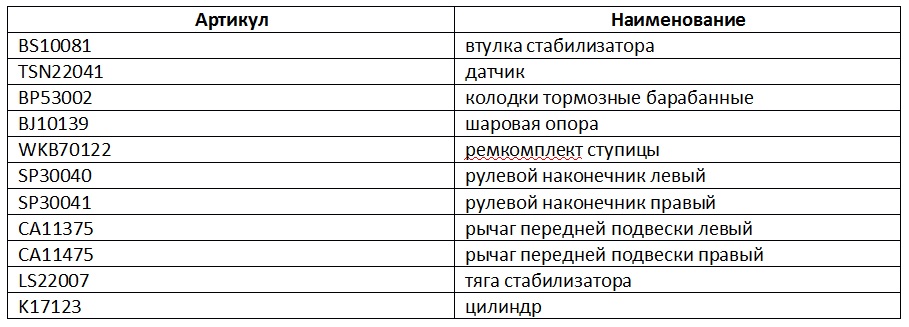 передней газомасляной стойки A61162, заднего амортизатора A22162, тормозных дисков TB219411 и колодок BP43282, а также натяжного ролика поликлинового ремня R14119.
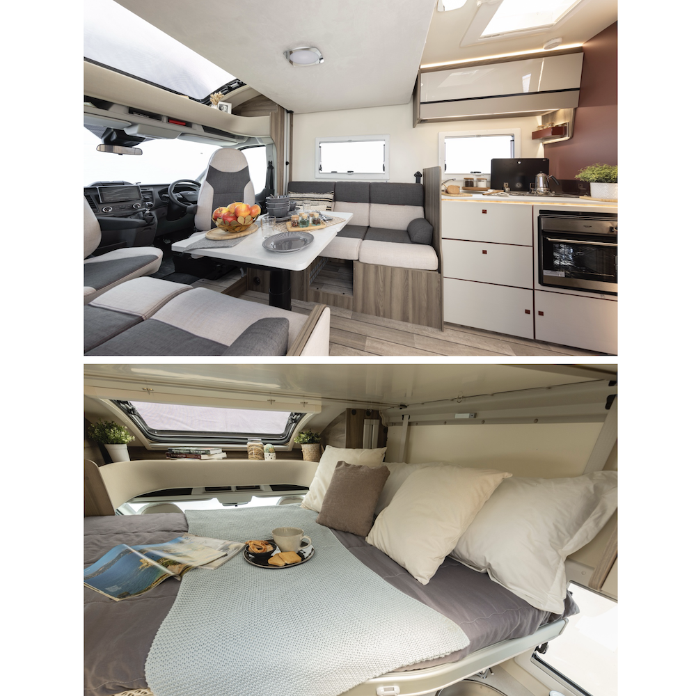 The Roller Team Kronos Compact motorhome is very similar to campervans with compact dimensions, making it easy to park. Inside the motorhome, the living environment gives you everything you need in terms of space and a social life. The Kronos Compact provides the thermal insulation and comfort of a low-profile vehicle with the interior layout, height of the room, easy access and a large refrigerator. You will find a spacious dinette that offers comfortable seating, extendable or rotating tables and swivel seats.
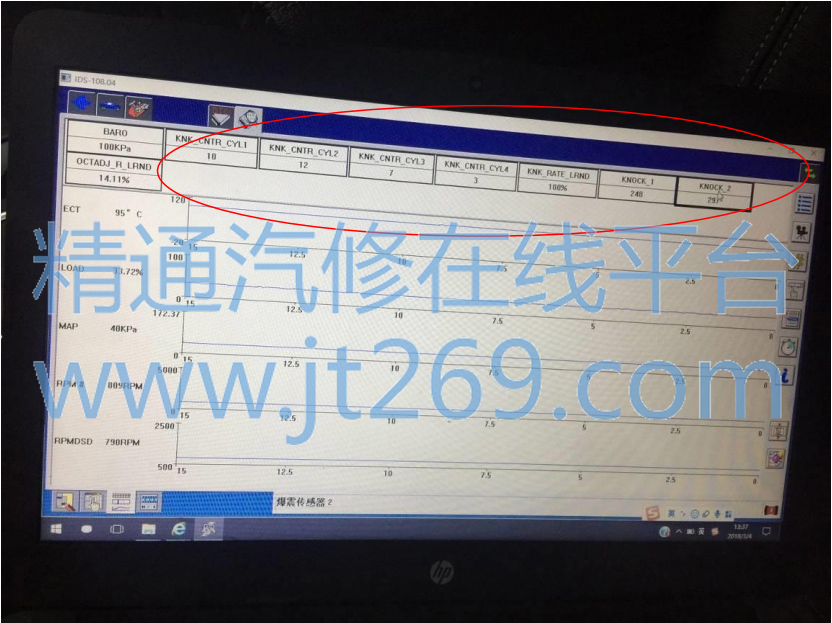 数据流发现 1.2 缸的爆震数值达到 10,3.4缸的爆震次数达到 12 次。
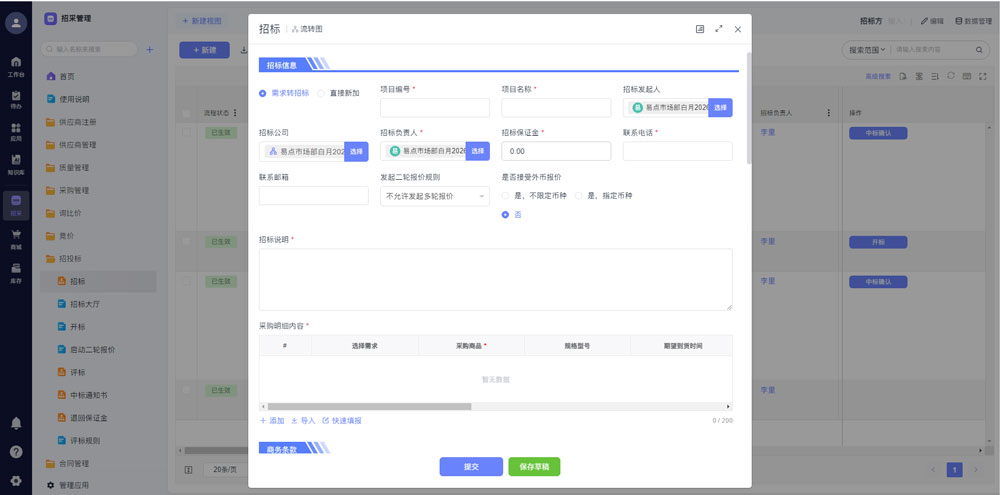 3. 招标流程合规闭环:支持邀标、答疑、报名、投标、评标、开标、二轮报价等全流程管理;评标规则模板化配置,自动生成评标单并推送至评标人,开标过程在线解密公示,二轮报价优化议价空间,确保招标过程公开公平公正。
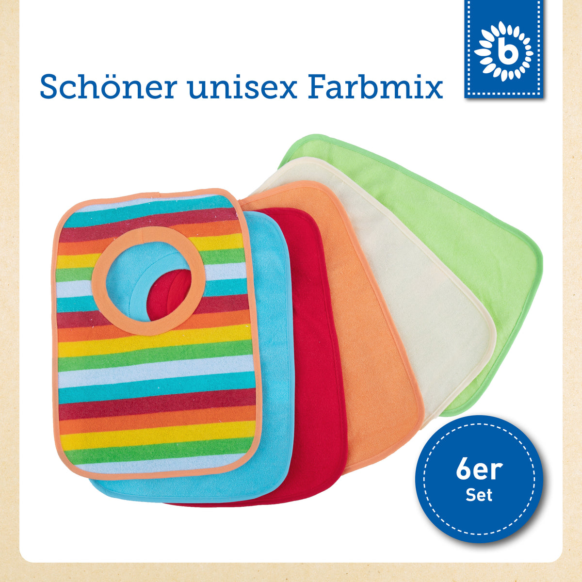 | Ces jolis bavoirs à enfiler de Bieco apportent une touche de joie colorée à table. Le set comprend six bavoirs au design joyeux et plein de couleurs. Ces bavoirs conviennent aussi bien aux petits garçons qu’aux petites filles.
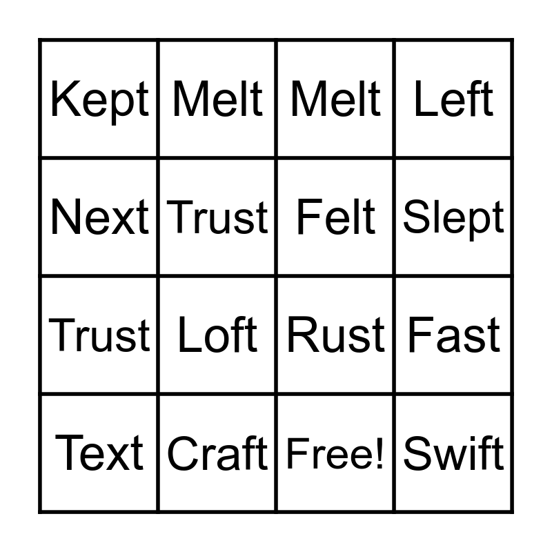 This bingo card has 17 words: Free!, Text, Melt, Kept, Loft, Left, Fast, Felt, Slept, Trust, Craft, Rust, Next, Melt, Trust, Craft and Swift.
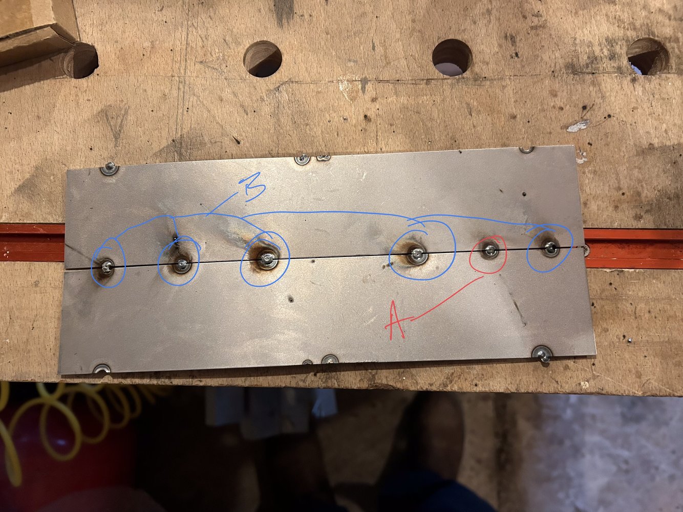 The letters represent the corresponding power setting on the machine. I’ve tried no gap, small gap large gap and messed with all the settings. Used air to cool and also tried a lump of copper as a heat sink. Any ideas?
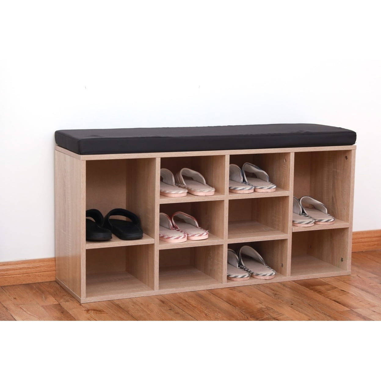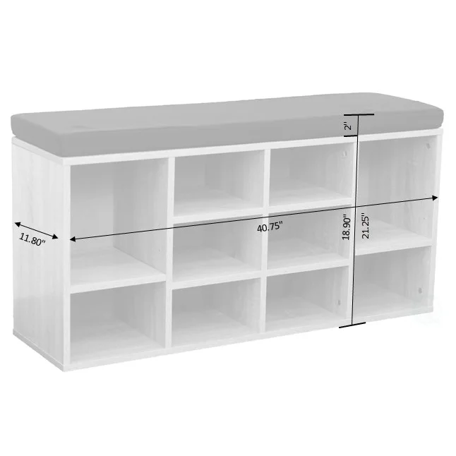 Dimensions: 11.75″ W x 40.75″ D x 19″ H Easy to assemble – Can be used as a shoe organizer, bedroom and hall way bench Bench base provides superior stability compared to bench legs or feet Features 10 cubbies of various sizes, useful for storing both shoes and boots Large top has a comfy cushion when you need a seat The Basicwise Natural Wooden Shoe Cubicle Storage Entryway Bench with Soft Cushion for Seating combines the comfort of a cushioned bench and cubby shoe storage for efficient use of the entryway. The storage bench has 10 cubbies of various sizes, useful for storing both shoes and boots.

--- WHAT THIS TASK INVOLVES ---
Retype each record exactly as it stands, but do not include the pictures.

--- REPLY ---
 передней газомасляной стойки A61162, заднего амортизатора A22162, тормозных дисков TB219411 и колодок BP43282, а также натяжного ролика поликлинового ремня R14119.
 The Roller Team Kronos Compact motorhome is very similar to campervans with compact dimensions, making it easy to park. Inside the motorhome, the living environment gives you everything you need in terms of space and a social life. The Kronos Compact provides the thermal insulation and comfort of a low-profile vehicle with the interior layout, height of the room, easy access and a large refrigerator. You will find a spacious dinette that offers comfortable seating, extendable or rotating tables and swivel seats.
 数据流发现 1.2 缸的爆震数值达到 10,3.4缸的爆震次数达到 12 次。
 3. 招标流程合规闭环:支持邀标、答疑、报名、投标、评标、开标、二轮报价等全流程管理;评标规则模板化配置,自动生成评标单并推送至评标人,开标过程在线解密公示,二轮报价优化议价空间,确保招标过程公开公平公正。
 | Ces jolis bavoirs à enfiler de Bieco apportent une touche de joie colorée à table. Le set comprend six bavoirs au design joyeux et plein de couleurs. Ces bavoirs conviennent aussi bien aux petits garçons qu’aux petites filles.
 This bingo card has 17 words: Free!, Text, Melt, Kept, Loft, Left, Fast, Felt, Slept, Trust, Craft, Rust, Next, Melt, Trust, Craft and Swift.
 The letters represent the corresponding power setting on the machine. I’ve tried no gap, small gap large gap and messed with all the settings. Used air to cool and also tried a lump of copper as a heat sink. Any ideas?
 Dimensions: 11.75″ W x 40.75″ D x 19″ H Easy to assemble – Can be used as a shoe organizer, bedroom and hall way bench Bench base provides superior stability compared to bench legs or feet Features 10 cubbies of various sizes, useful for storing both shoes and boots Large top has a comfy cushion when you need a seat The Basicwise Natural Wooden Shoe Cubicle Storage Entryway Bench with Soft Cushion for Seating combines the comfort of a cushioned bench and cubby shoe storage for efficient use of the entryway. The storage bench has 10 cubbies of various sizes, useful for storing both shoes and boots.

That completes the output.